Vervolgacties: geeft aan of bij deze relatie vervolgacties worden bijgehouden. Activeert u deze instelling, dan legt u hier ook de gewenste periode tussen de laatst gemaakte actie en de vervolgactie vast, met een startdatum.
Deze pagina is alleen zichtbaar wanneer de relatie een leverancier is.
Klantnummer: het klantnummer van uw bedrijf bij de leverancier. Indien de instelling 'klantnummer bij alle relaties' is geactiveerd in het onderdeel Instellingen relaties, dan kunt u ook bij alle andere relatietypen een klantnummer opgeven.
Voor leveranciers kunt een de standaard verzendkosten en het franco bedrag opgeven. Bij deze twee bedragen kunt u tevens maximaal vijf regels verklarende tekst opgeven. Klik hiertoe op de knop Tekst rechts van het invoerveld, of druk op F2. In een bestelbon of retourbon wordt door middel van een sterretje achter het bedrag aangegeven dat er sprake is van aanvullende tekst bij de verzendkosten of het franco bedrag. Ga met de muis op het bedrag staan om deze aanvullende tekst zichtbaar te maken.
Marge/leverkorting: hier geeft u aan of u gebruik wilt maken van een vaste marge of leverkorting, al naar gelang zoals ingesteld in systeeminstellingen, bij de leverancier. Activeert u deze optie, dan kunt u een percentage opgeven. Dit percentage wordt dan steeds toegepast na het aanpassen van de inkoopprijs of verkoopadviesprijs bij een artikel van deze leverancier in artikel bewerken om de bijbehorende verkoopadviesprijs of inkoopprijs uit te rekenen.
Bestelnummers: geeft aan dat bij alle artikelen van deze leverancier op verkoopbonnen in plaats van de artikelcode het bestelnummer wordt afgedrukt, mits ook de instelling 'Bestelnummers' bij de klant van die bon is geactiveerd.
Backorders van klanten: geeft aan of het toegestaan is om artikelen van deze leverancier in backorder te houden voor klanten.
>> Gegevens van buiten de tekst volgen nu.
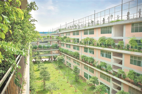走在泉州理工学院校园内,处处可见绿意,最引人注意的是那栋7层楼的教学主楼,墙上、屋顶和天井都种植小树,各种树木共计3000多棵。你不用担心树根扎进水泥,因为这些树木经过实验,长到一定高度就不再长。一位老师赞叹道“我们就像在森林里办公生活一样,空气很清新”。

Zet u deze instelling uit en wordt op een verzendbon bij een artikel van deze leverancier een lager aantal ingegeven dan oorspronkelijk besteld op de bijbehorende orderbevestiging, dan wordt het aantal op de orderbevestiging automatisch aangepast wanneer u de verzendbon opslaat.
Artikelbeoordelingen: gebruikt u artikelbeoordelingen dan geeft deze instelling aan of alle artikelen van de leverancier standaard in aanmerking komen voor beoordelingen. U kunt deze optie per artikel uitschakelen in artikelen bewerken.
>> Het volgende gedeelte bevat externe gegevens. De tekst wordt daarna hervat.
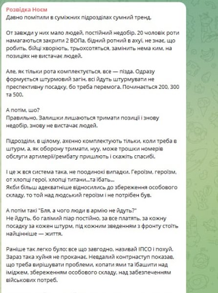 "Давно заметили в смежных подразделениях печальный тренд. Всегда у них мало людей, постоянный недобор. 20 человек роты пытаются закрыть 2 ВОПа, бедный ротный в аху*, не знает, что делать, бойцы болеют, "трехсотятся", заменить некем, на позициях не хватает людей. Но, как только рота комплектуется, все — п**да. Сразу формируется штурмовой отряд, все идут штурмовать не перспективную посадку, потому что надо победа. Начинается 200, 300 и 500", — пишет он.

Hier geeft u standaardwaarden op voor gebruik op nieuwe bestelbonnen van de geselecteerde leverancier, waaronder de contactpersoon, bestelwijze en leveringswijze. Voor de contactpersoon kunt u alleen kiezen uit de bij de leverancier vastgelegde contactpersonen.
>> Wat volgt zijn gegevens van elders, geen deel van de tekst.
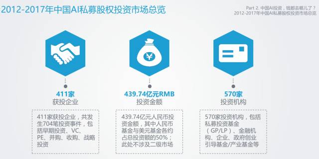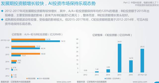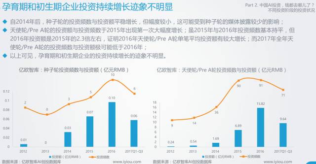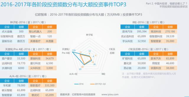 2. 发展期(A/A+轮、B轮)企业的获投频数稳步上升,并逐渐向初生期企业靠近,2017年表现更为显著。由此可以预测,2017年中国AI投资市场重心已开始向发展期转移。

Steeds wanneer u voor de leverancier een nieuwe bestelbon aanmaakt worden deze waarden ingevuld. Laat u deze invoervelden leeg dan wordt er geen contactpersoon ingevuld en worden voor de andere twee velden de algemene standaardwaarden gebruikt zoals die zijn ingesteld in instellingen bestellingen.
Inkoopprijzen van artikelen bijwerken: de standaard instelling voor nieuwe bestelbonnen voor het al dan niet automatisch bijwerken van de inkoopprijzen van artikelen bij het opslaan van de bestelbon.
Prijzen op bon: geeft aan of op nieuwe bestelbonnen voor deze leverancier de inkoopprijzen standaard moeten worden afgedrukt.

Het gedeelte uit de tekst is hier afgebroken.